# INSTRUCTIONS FOR THE TASK:
Copy out exactly the lines from the one with "- Når produktet" through the last line of the listing below, both included, but none of the pictures.

# INFORMATION PROVIDED:
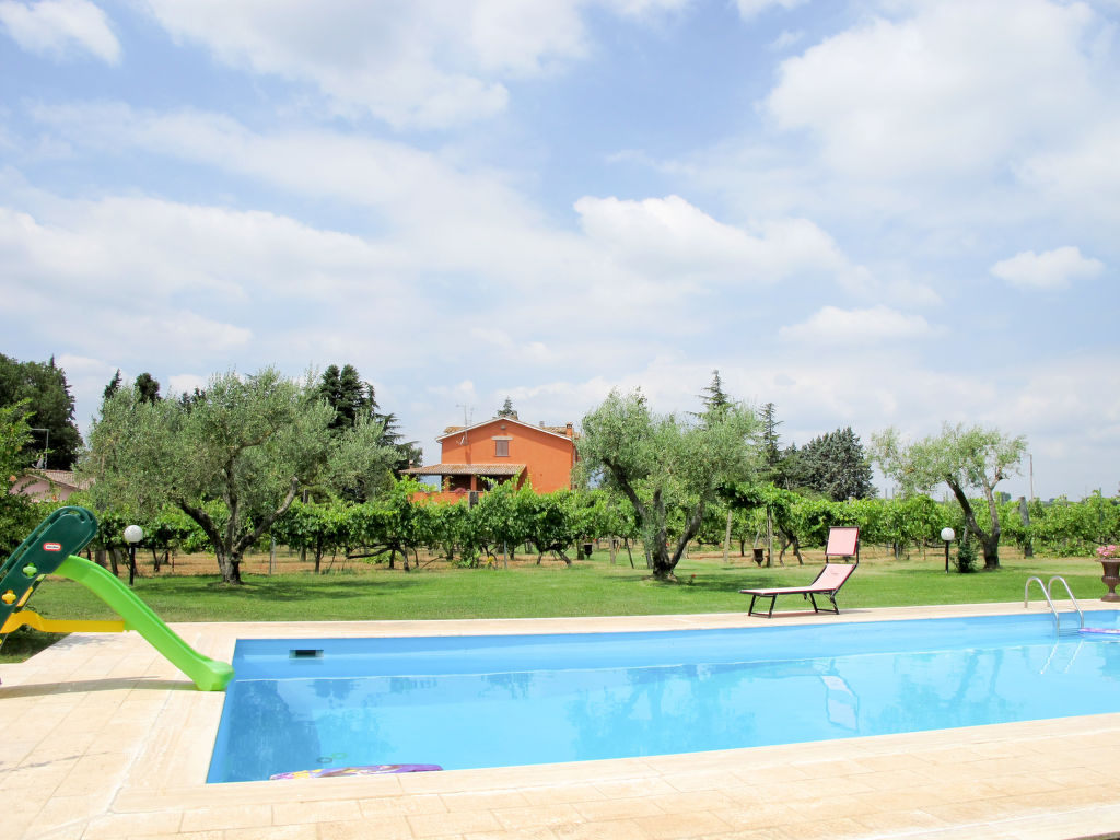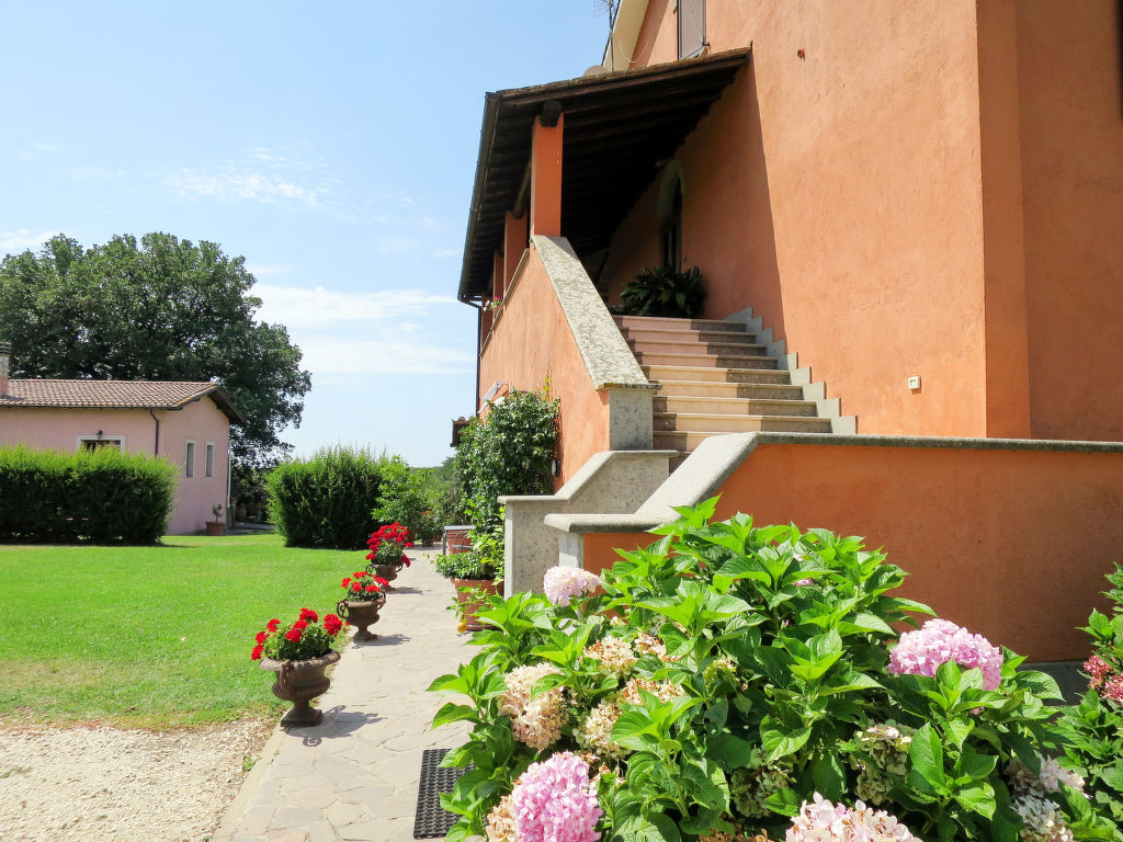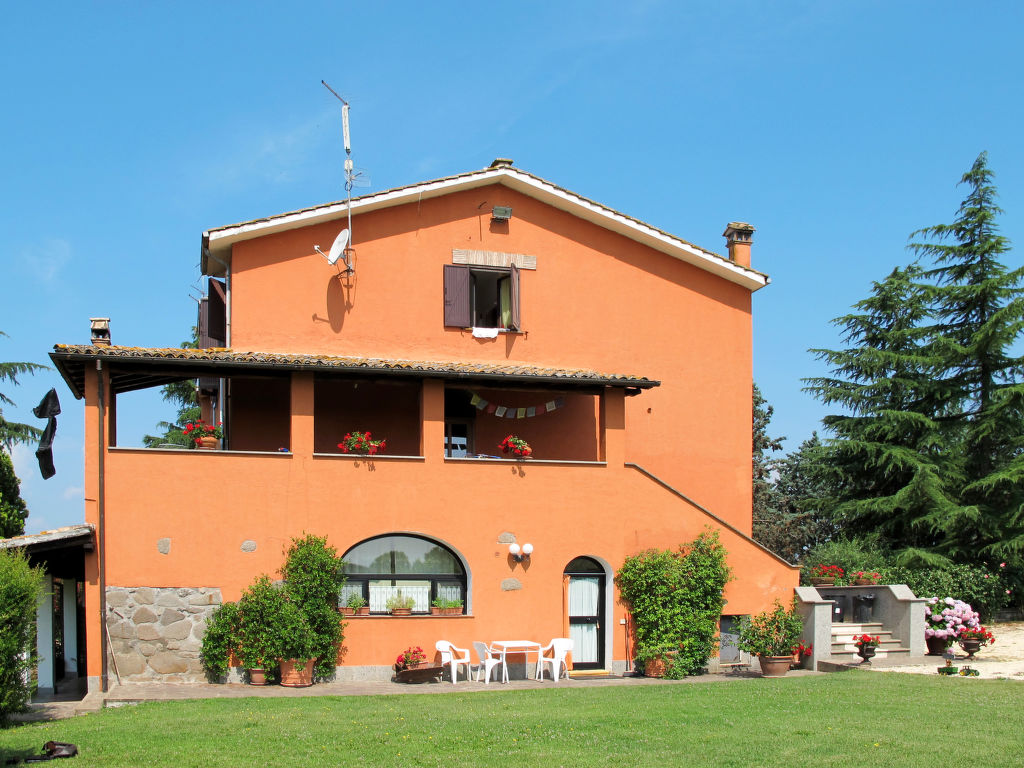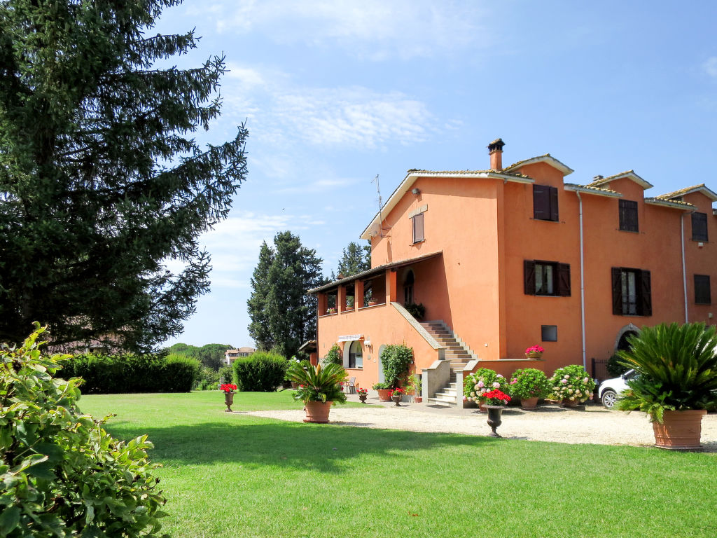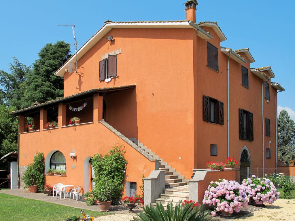 Landsitz "Santa Bruna". 15 km vom Zentrum von Orte, 30 km vom Zentrum von Viterbo, 70 km vom Zentrum von Roma, 25 km vom See, im Grünen. Zur Mitbenutzung: Grundstück 11 ha (eingezäunt). Zur Alleinbenutzung: Grundstück 5'000 m2, gepflegter Garten mit Rasen und Bäumen, Liegewiese, Schwimmbad (6 x 13 m, 140 - 300 cm tief, 18.05.-05.10.). Sitzplatz, Grill, Kinderspielplatz (Rutschbahn, Schaukel), Poolpflege durch den Besitzer/Gärtner. 3.7 km lange Zufahrt (4 km Naturweg). Treppenweg bis zum Haus. Parkplatz beim Haus. Einkaufsgeschäft 6 km, Supermarkt 9 km, Bahnstation "Orte" 15 km, Sandstrand 25 km, Freibad 15 km, Hallenbad 15 km. Golfplatz 33 km. Ab Hof Verkauf von bäuerlichen Produkten.
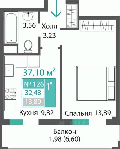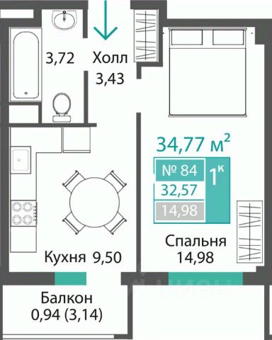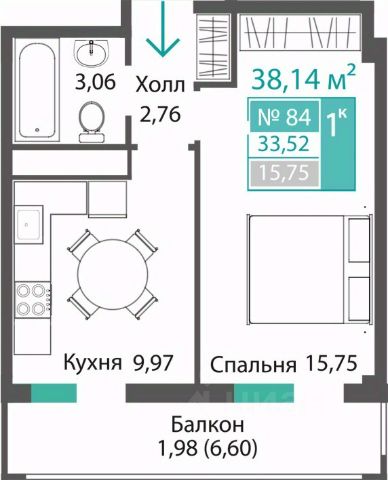 Общая площадь: 18.03 кв.м.
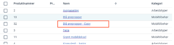 - Når produktet er kopier vil det legge seg i produktlisten med "copy" bak seg.
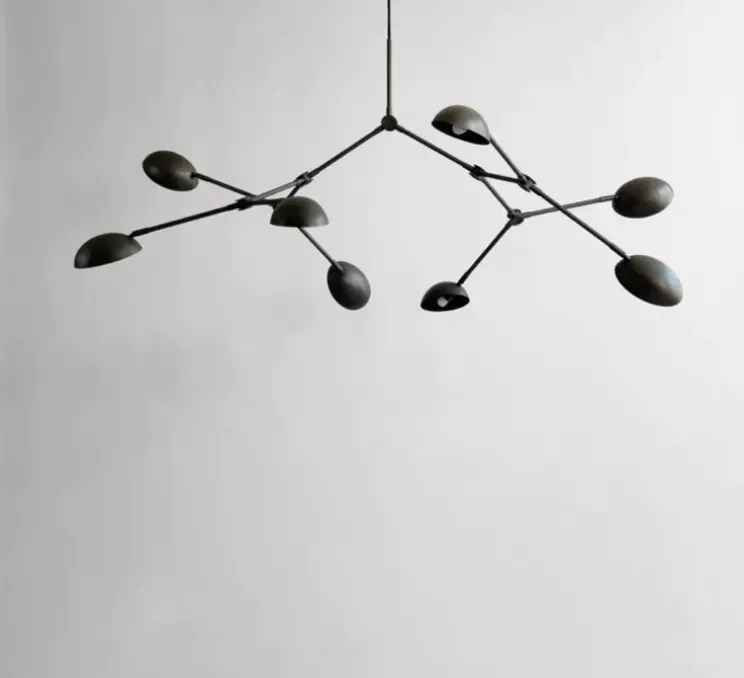 Les abat-jours légèrement incurvés et les 14 bras réglables, flexibles et fonctionnels de ce lustre offrent d’innombrables options, variations et angles. Chaque élément est soigneusement pensé pour créer une esthétique harmonieuse et une fonctionnalité exceptionnelle. Le corps du lustre est réalisé en métal oxydé et plaqué, puis brossé à la main, ce qui confère à la pièce une finition magnifiquement travaillée et une allure unique.

# RESPONSE:
 - Når produktet er kopier vil det legge seg i produktlisten med "copy" bak seg.
 Les abat-jours légèrement incurvés et les 14 bras réglables, flexibles et fonctionnels de ce lustre offrent d’innombrables options, variations et angles. Chaque élément est soigneusement pensé pour créer une esthétique harmonieuse et une fonctionnalité exceptionnelle. Le corps du lustre est réalisé en métal oxydé et plaqué, puis brossé à la main, ce qui confère à la pièce une finition magnifiquement travaillée et une allure unique.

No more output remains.